Want the Bad News First?

So much for background.  Now, here are ten questions or points to consider when examining whether the "bad news" should be told before the "good news" of Christ.

1.  Are we necessarily the ones who should deliver the bad news of sin and judgment?  Too often we don't even know where people are coming from.  Perhaps they've been burned by the church or by professing Christians, or they may have a visceral reaction to the very term "Christian."  Though we may disagree with Donald Miller on certain themes, he makes an important point in his Blue Like Jazz:

In a recent radio interview I was sternly asked by the host, who did not consider himself a Christian, to defend Christianity.  I told him that I couldn't do it, and moreover, that I didn't want to defend the term.  He asked me if I was a Christian and I told him yes.  "Then why don't you want to defend Christianity?" he asked, confused.  I told him I no longer knew what the term meant.  Of the hundreds of thousands of people listening to his show that day, some of them had terrible experiences with Christianity, they may have been yelled at by a teacher in a Christian school, abused by a minister, or browbeaten by a Christian parent.  To them, the term Christianitymeant something that no Christian I know would defend.  By fortifying the term, I am only making them more and more angry.  I won't do it.  Stop ten people on the street and ask them what they think of when they hear the word Christianity and they will give you ten different answers.  How can I defend a term that means ten different things to ten different people?  I told the radio show host that I would rather talk about Jesus and how I came to believe that Jesus exists and that he likes me.  The host looked back at me with tears in his eyes.  When we were done, he asked me if we could go get lunch together.  He told me how much he didn't like Christianity but how he had always wanted to believe Jesus was the Son of God (p.115).

The danger is that we will march in as spiritual storm troopers rather than being "quick to listen and slow to speak."  Consider another approach.  In 1 Peter 3, Peter exhorts wives of unbelieving husbands to focus on the way they live their lives -- quietly, gently, virtuously -- so that their husbands may be won without a word even though they didn't believe the word of God (3:1).  A virtuous life is a deeply attractive thing, and such a life may create a spiritual and moral longing in those previously disinterested in Christ -- and this without a spoken word.

2.  I have met plenty of "the encountered" who report that those who "witness" by telling the bad news first commonly come across as judgmental, legalistic, arrogant, scolding, and morally superior.  Yes, rebels against God love darkness rather than light.  Does this mean we never mention the need to turn away from the lifestyle of the spiritually dead?  Not at all.  (See the comments on idolatry below.)  Our consciously taking on Paul's chief-of-sinners title would go a long way in building bridges.  In the words of the evangelist D. T. Niles, we are like one beggar telling another where to find bread.  We should remember that friendship commonly helps lower defenses and helps create a context for people to connect with the gospel.

3.  Like the prodigal son, most people already know they carry shame or guilt and are looking for the relief, hope, acceptance, and friendship that God provides.  As Romans 2:4 reminds us, it is the kindness of God that leads to repentance.  Christian sociologist Rodney Stark comments in What Americans Really Believe: "Hell fire-and-brimstone sermons to the contrary, people respond far more strongly religiously to a carrot than to a stick.  This has long been recognized by missionaries."  Stark ends his comments (p. 78) by quoting John 3:16-17: "For God so loved the world, that He gave His only Son, that whoever believes in Him should not perish, but have eternal life.
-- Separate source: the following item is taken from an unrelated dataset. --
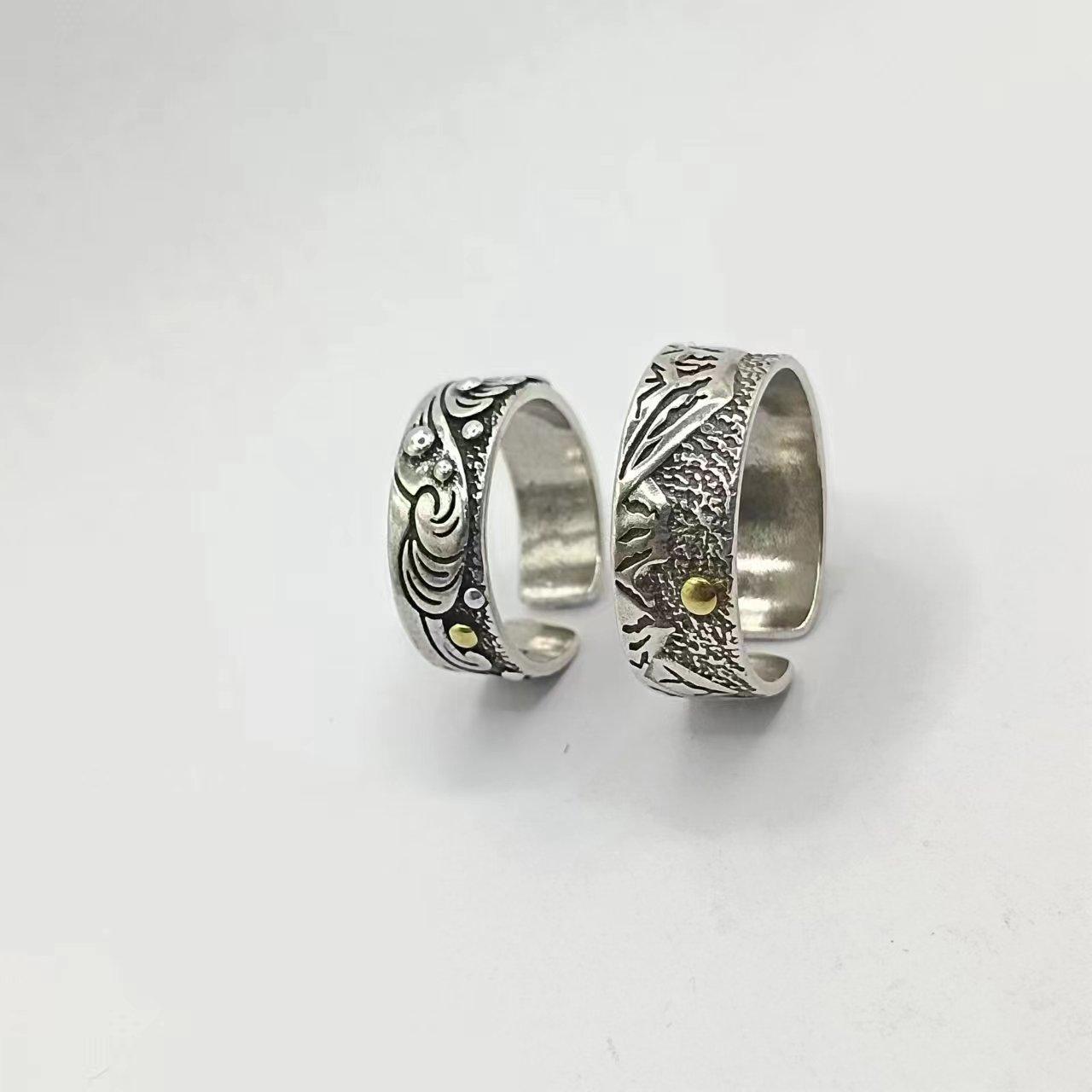 Chiba diseño hecho a mano anillo eachother para hombres y mujeres moda todo-combinable plata tailandesa hecho anillo de pareja un par de anillos

For God did not send His Son into the world to condemn the world, but that the world through him might be saved."  Not everyone who insists on mentioning sin, guilt, and the need for repentance is a fire-and-brimstone preacher.  Yet we should beware ignoring other avenues of connecting people with Christ (e.g., felt needs), avenues Jesus and Paul both used.
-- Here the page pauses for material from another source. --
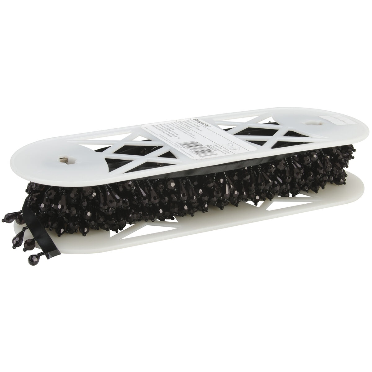 Use the Simplicity Beaded Fringe Trim-Black to add visual interest to your sewing and crafting projects. You can add elegance to dresses, skirts, cushion covers and more using this beautiful black beaded fringe trim. This pack contains 10 yards of acrylic, glass and polyester fringe.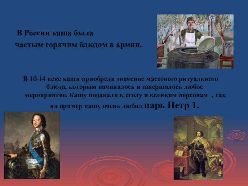 10-14 веке каши приобрели значение массового ритуального блюда, которым начиналось и завершалось любое мероприятие. Кашу подавали к столу и великим персонам , так на пример кашу очень любил царь Петр 1.

4.  Certain contemporary evangelistic methods in America would be deemed culturally insensitive in non-American contexts.  Missionaries often take years to learn a particular culture.  Even once they have learned a foreign language, they still need to understand how the gospel connects to the culture and to the felt needs of people.  For example, American culture tends to be guilt-driven, but many Muslim cultures are not. (See Nabeel Jabbour's The Crescent Through the Eyes of the Cross.) Yet well-meaning American Christians often do not take the time to contextualize the gospel when speaking with non-Christians.  They assume a ready connection exists between the non-Christian and the biblical worldview; this is, after all, "Christian America," right?  Even in 1913, J. Gresham Machen pointed out that caricatures and bad philosophies often prevent people from taking "sin" and the call to "repent" seriously, viewing the Christian faith as just an irrelevant myth.